Although this manual aims to provide a primer, it’s not written for dummies. Readers are expected to have an understanding of simulation and the latest version of Java. Before reading this tutorial, you should be fluent in the Java programming language (version 8 or up) and have some practical understanding of simulation. If you are unfamiliar with the Java programming language, we recommend you to read Thinking in Java, 4th Edition (Eckel, 2006) or Head First Java, 2nd Edition (Sierra & Bates, 2005). DSOL 3.0 makes heavy use of generics and collections, therefore the Java Generics and Collections book (Naftalin & Wadler, 2007) is a good resource. For more advanced Java, Joshua Bloch’s Effective Java, 3rd Edition (Bloch, 2018) is a great help. If you are completely unfamiliar with the concept of simulation we recommend you to study the Handbook of Simulation (Banks, 1998) or Simulation modeling and analysis, 5th Edition (Law & Kelton, 2014).

Resources

DSOL, as of version 4.0 can be downloaded from github, and ready-to-use jars can be included from Maven Central. The following sites are used:

Furthermore, Java itself, a development environment, and resources on which DSOL is dependent are necessary:

  • Java, as of version 11. DSOL 4 and higher can not be used with prior versions of the Java programming language. For developing models with DSOL, we recommend to use a Java Development Kit (JDK), rather than a JRE. For running models, a JRE is sufficient. Java can be downloaded from Oracle or as an open source build: https://jdk.java.net/archive/ for Java-11.

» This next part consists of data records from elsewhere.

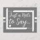 Just a note to say grey white postcard
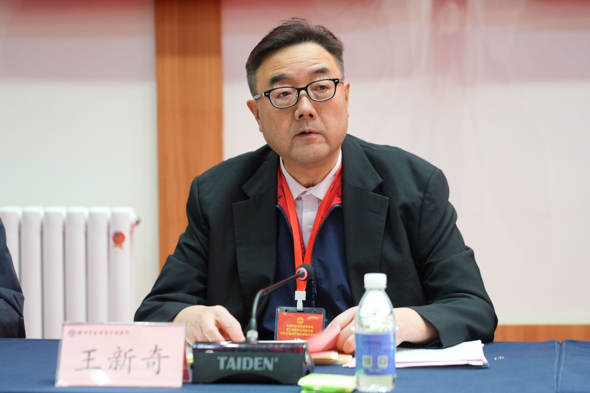 王新奇致辞,他代表学校董事会,向大会的胜利召开表示最热烈的祝贺!他提出三点希望:一是希望大家坚守初心,强化使命担当;二是希望大家聚焦重点,积极建言献策;三是希望大家团结协作,凝聚发展合力。他表示学校董事会将不断地改善教职工的工作、生活、住宿环境,提高福利待遇,为大家营造良好的工作生活氛围。他坚信在全体教职工的共同努力下,全校上下一定能够攻坚克难、抢抓机遇,不断开创学校高质量发展的新局面,为学校的高质量发展而努力奋斗!
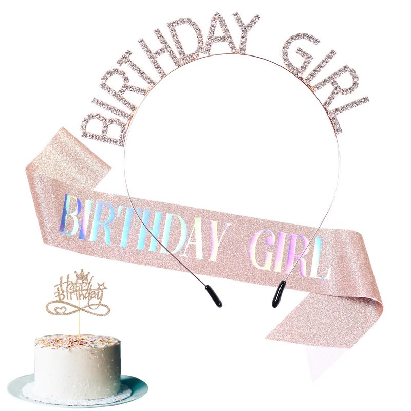 Docooniver Rose Gold Birthday Headband for Women,Birthday Girl Sash and Crown for Girls and Women,Birthday Gift for Her,Happy Birthday Cake Topper,Accessories for Birthday Decorations.
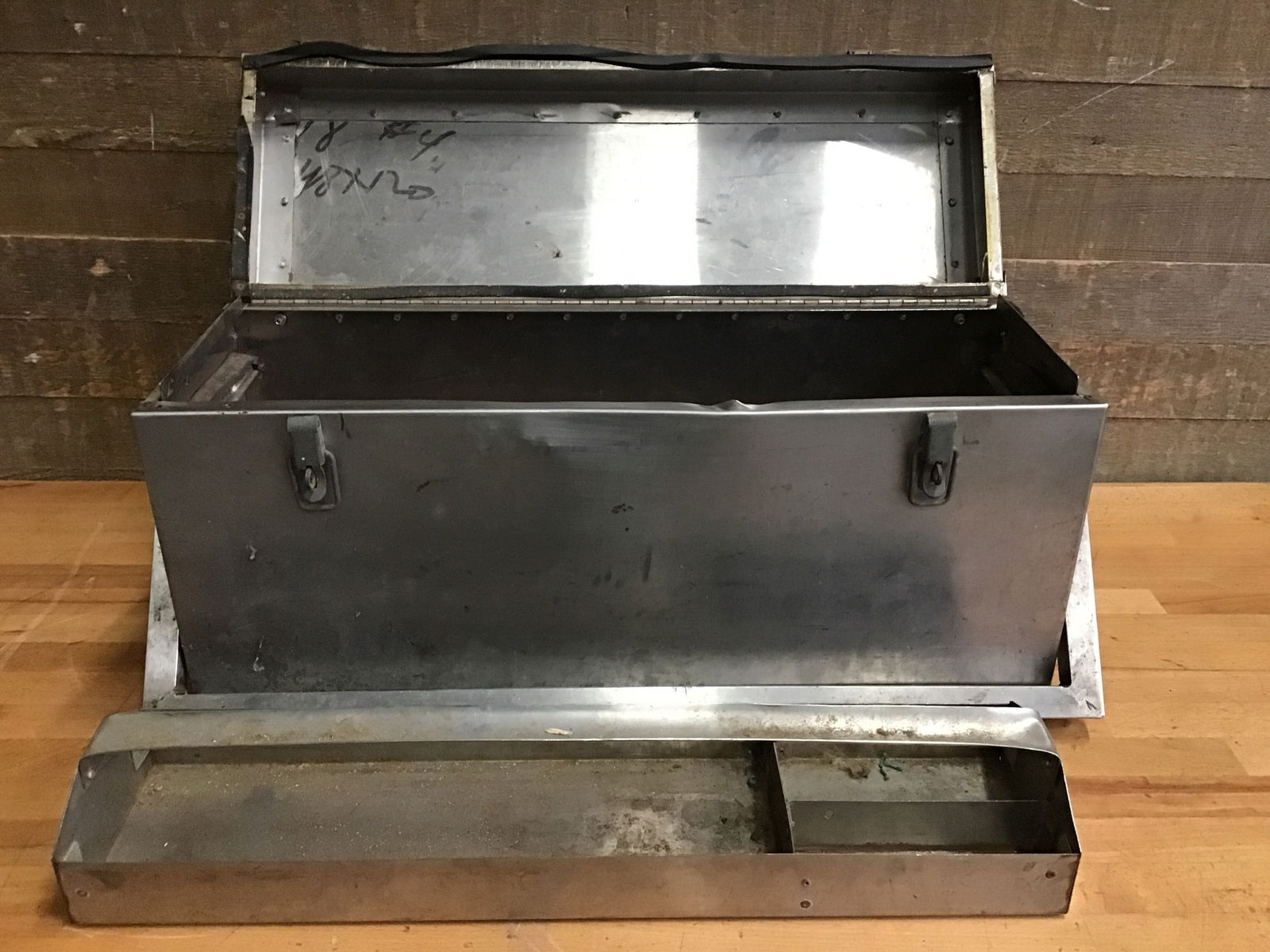 Stainless steel toolbox nice and large plenty of space for whatever you choose.

  • We highly recommend using an integrated development environment for the construction of simulation models. This tutorial refers to the Eclipse development environment (version 2022-06 or higher) which can be downloaded from https://www.eclipse.org.

  • Libraries on which DSOL is dependent. DSOL makes use of several libraries, such as djunits to work with Time and Durations, djutils for data analytics and statistics, and tinylog for logging. The interactive version of DSOL in dsol-swing makes, amongst others, use of jfreechart for graphs. The dependencies will be automatically resolved when using an environment like Maven (or gradle).

Open Source character of DSOL

We want as many people and organizations as possible to be able to make use of DSOL. Therefore, the license of DSOL is a BSD 3-clause license, which states that DSOL can be used for any purpose, public or commercial, where TU Delft is not responsible or accountable in any way for the correct working of the software. All sources of DSOL are provided on the Maven website and through SVN. DSOL is only dependent on packages that have a license that is equally open, such as the MIT license, BSD license, Apache license, or Eclipse license. We use libraries with the LGPL (Library GPL or Lesser GPL license), but not with the GPL license, as that would make commercial use and commercial extensions of DSOL more difficult.

References

  • Banks, J. (Ed.). (1998). Handbook of simulation : Principles, methodology, advances, applications, and practice. New York, NY: Interscience.
  • Bloch, J. (2018). Effective Java (3rd ed.). Boston, MA: Addison-Wesley.
  • Eckel, B. (2006). Thinking in Java (4th ed.). Upper Saddle River, NJ: Prentice-Hall.
  • Jacobs, P. H. M. (2005). The DSOL simulation suite. PhD thesis, Delft University of Technology.
  • Jacobs, P. H. M., Lang, N. A., & Verbraeck, A. (2002). DSOL: A distributed Java based discrete event simulation architecture. In Proceedings of the 2002 Winter Simulation Conference. New York, NY: ACM Press.
  • Law, A. M., & Kelton, W. D. (2014). Simulation modeling and analysis (5th ed.). New York, NY: Mc Graw-Hill.
  • Naftalin, M., & Wadler, P. (2007). Java generics and collections. Sebastopol, CA: O’Reilly.
  • Sierra, K., & Bates, B. (2005). Head first Java (2nd ed.). Sebastopol, CA: O’Reilly.